Word for word, retype the lines from the one containing "Mail-Back Insert for Inhalers" to the one containing "Perhaps the most" below, keeping both end lines and dropping the pictures.

-- Input follows --

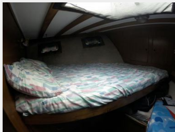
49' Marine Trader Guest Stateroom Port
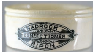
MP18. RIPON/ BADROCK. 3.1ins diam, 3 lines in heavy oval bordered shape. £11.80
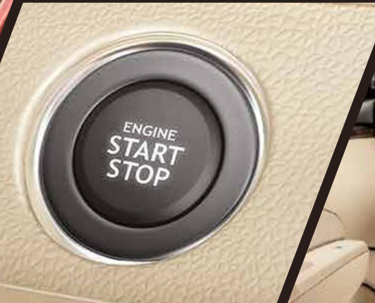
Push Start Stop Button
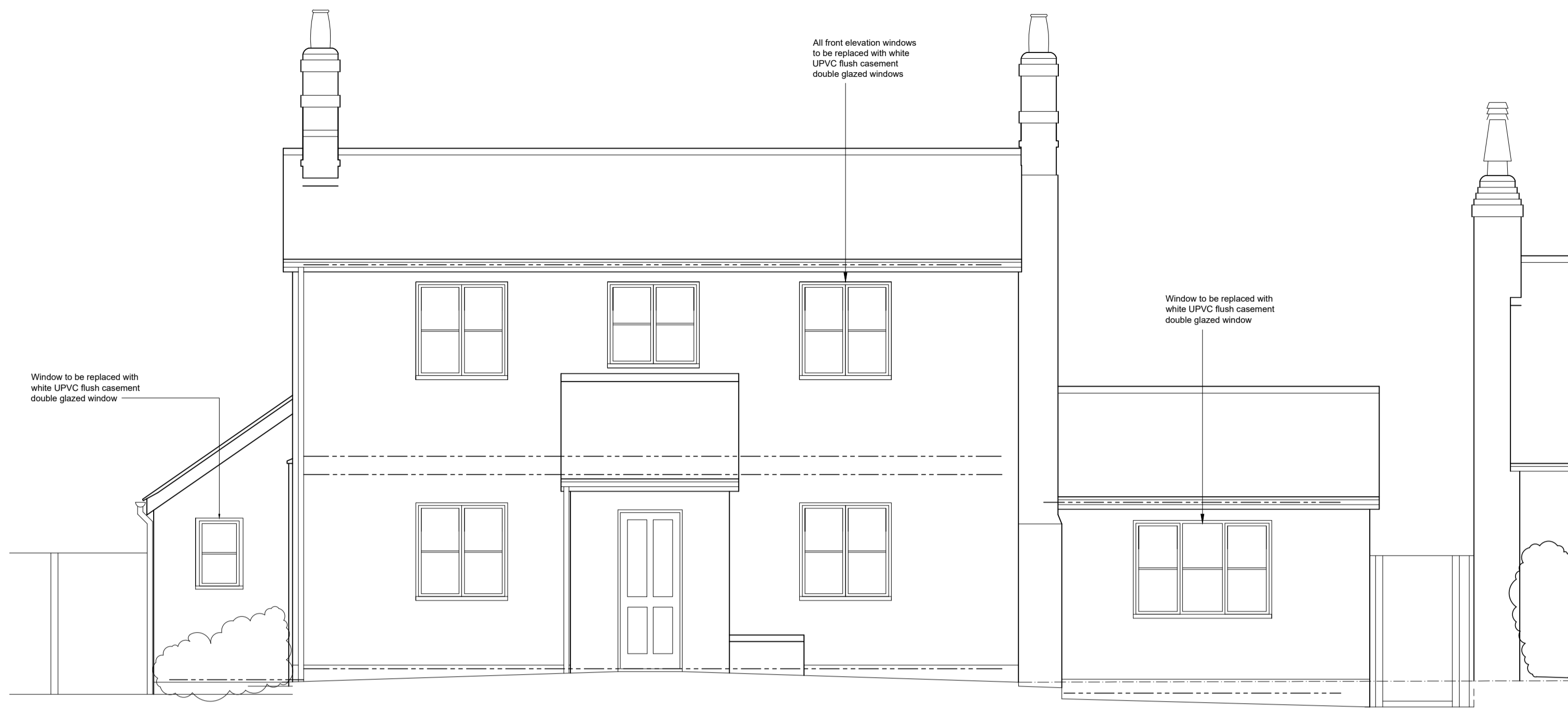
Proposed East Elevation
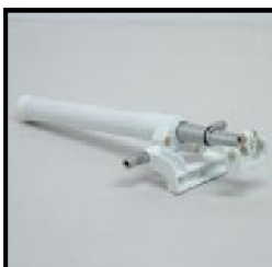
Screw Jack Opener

-- Input concluded --
-- Input follows --

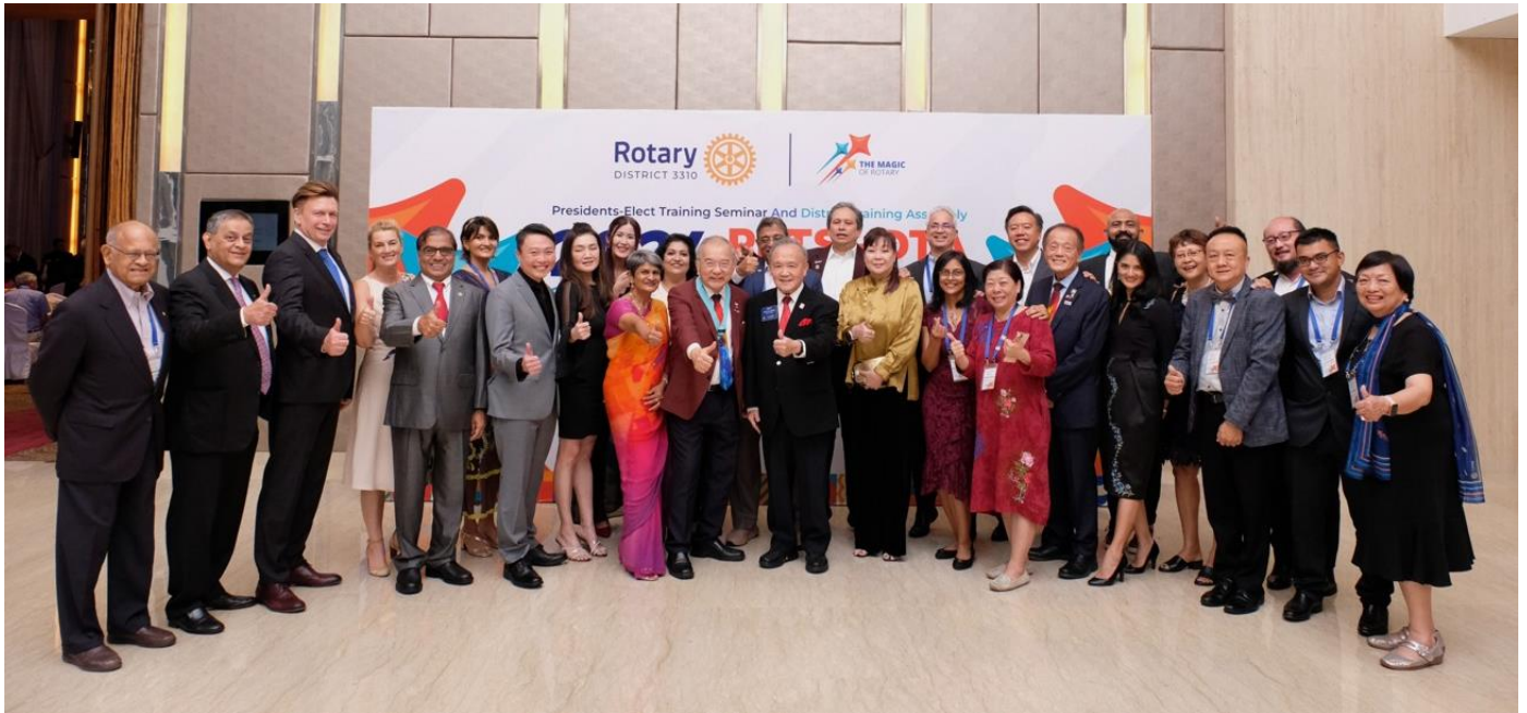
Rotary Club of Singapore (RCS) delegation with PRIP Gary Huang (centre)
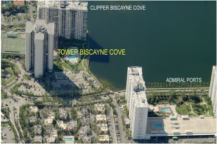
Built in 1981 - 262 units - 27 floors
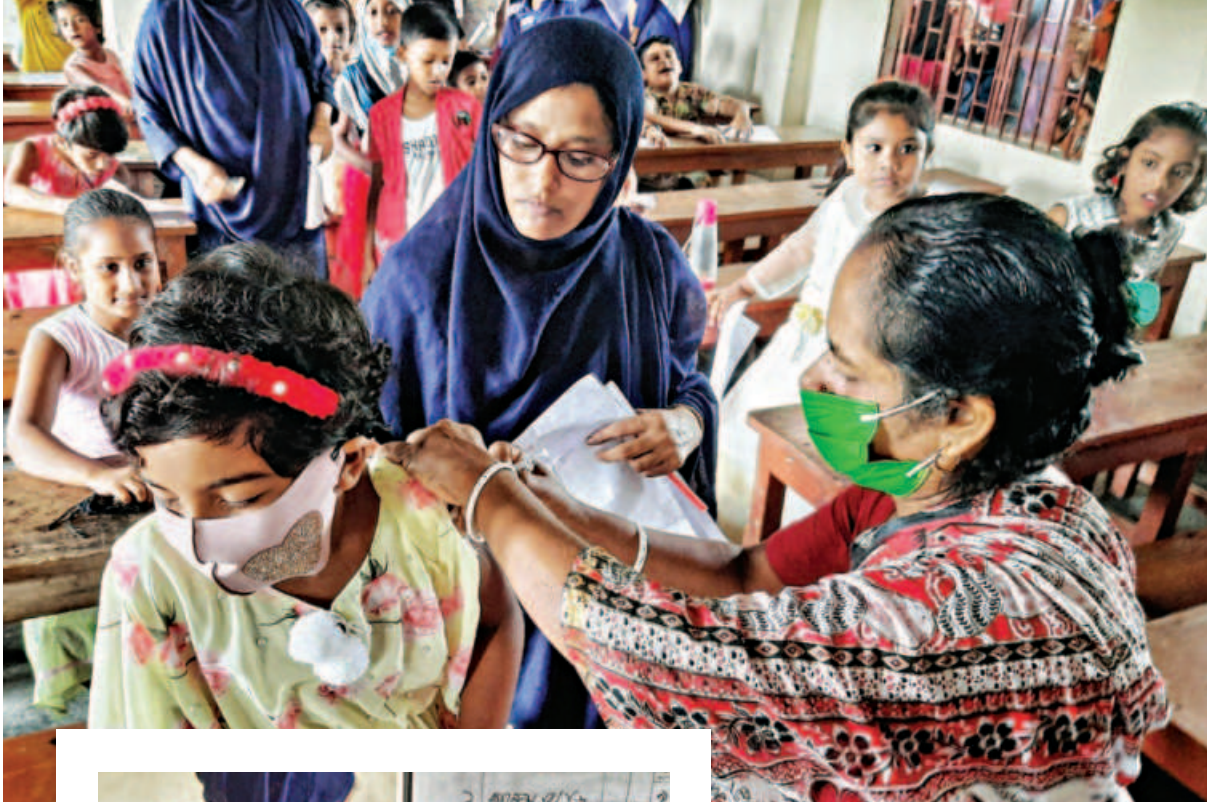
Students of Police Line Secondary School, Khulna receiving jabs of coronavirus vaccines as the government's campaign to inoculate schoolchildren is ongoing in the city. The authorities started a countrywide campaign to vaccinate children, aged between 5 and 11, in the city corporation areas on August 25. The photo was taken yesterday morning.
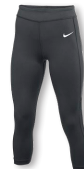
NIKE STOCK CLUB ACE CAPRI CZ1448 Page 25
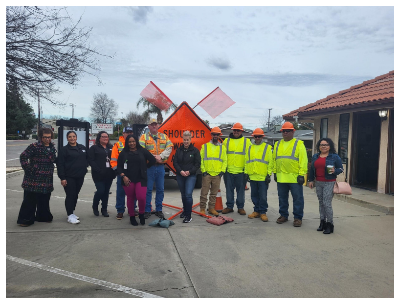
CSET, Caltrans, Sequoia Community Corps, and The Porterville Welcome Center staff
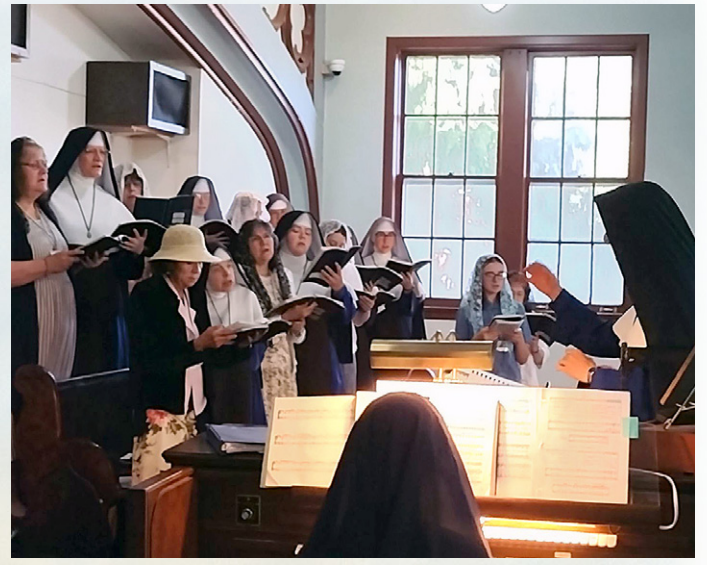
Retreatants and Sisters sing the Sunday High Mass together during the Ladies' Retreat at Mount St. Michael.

-- Input concluded --
-- Input follows --

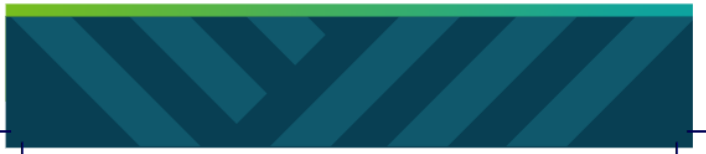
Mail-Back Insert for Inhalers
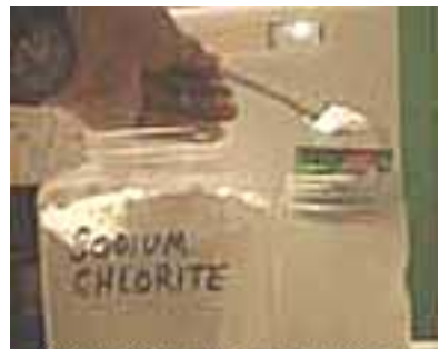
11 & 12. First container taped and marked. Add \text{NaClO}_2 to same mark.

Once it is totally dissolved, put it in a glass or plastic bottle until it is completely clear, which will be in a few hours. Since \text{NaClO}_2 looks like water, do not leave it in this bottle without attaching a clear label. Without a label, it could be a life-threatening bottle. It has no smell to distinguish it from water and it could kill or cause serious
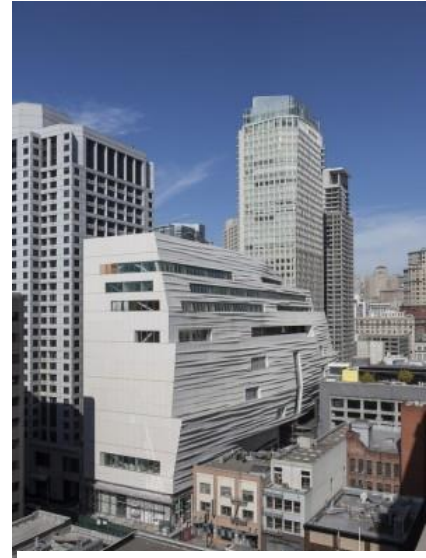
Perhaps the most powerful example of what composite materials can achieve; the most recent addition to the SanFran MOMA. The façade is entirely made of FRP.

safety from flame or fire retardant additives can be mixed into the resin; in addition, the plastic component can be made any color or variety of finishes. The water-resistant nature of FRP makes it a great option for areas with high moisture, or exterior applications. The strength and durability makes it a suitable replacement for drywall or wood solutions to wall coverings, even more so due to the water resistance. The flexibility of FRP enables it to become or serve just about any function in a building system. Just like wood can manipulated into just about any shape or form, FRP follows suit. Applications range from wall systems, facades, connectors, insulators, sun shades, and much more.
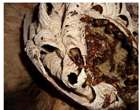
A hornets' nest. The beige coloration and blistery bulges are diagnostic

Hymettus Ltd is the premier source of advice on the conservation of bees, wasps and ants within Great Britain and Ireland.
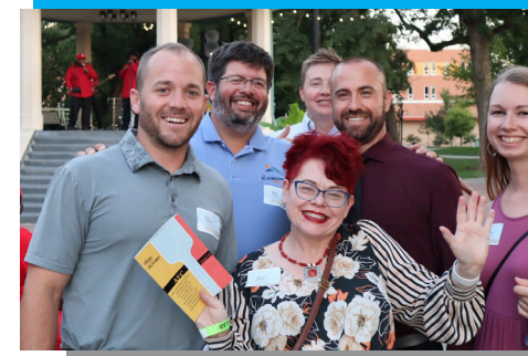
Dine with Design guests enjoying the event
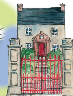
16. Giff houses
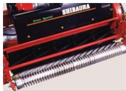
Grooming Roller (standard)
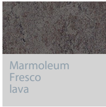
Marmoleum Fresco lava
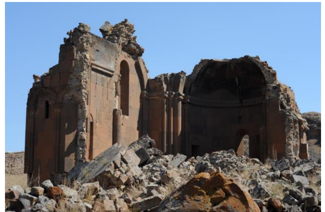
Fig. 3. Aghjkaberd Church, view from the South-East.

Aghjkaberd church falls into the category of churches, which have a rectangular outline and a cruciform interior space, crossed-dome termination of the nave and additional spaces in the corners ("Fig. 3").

-- Input concluded --

Worked solution:
Mail-Back Insert for Inhalers
11 & 12. First container taped and marked. Add \text{NaClO}_2 to same mark.

Once it is totally dissolved, put it in a glass or plastic bottle until it is completely clear, which will be in a few hours. Since \text{NaClO}_2 looks like water, do not leave it in this bottle without attaching a clear label. Without a label, it could be a life-threatening bottle. It has no smell to distinguish it from water and it could kill or cause serious
Perhaps the most powerful example of what composite materials can achieve; the most recent addition to the SanFran MOMA. The façade is entirely made of FRP.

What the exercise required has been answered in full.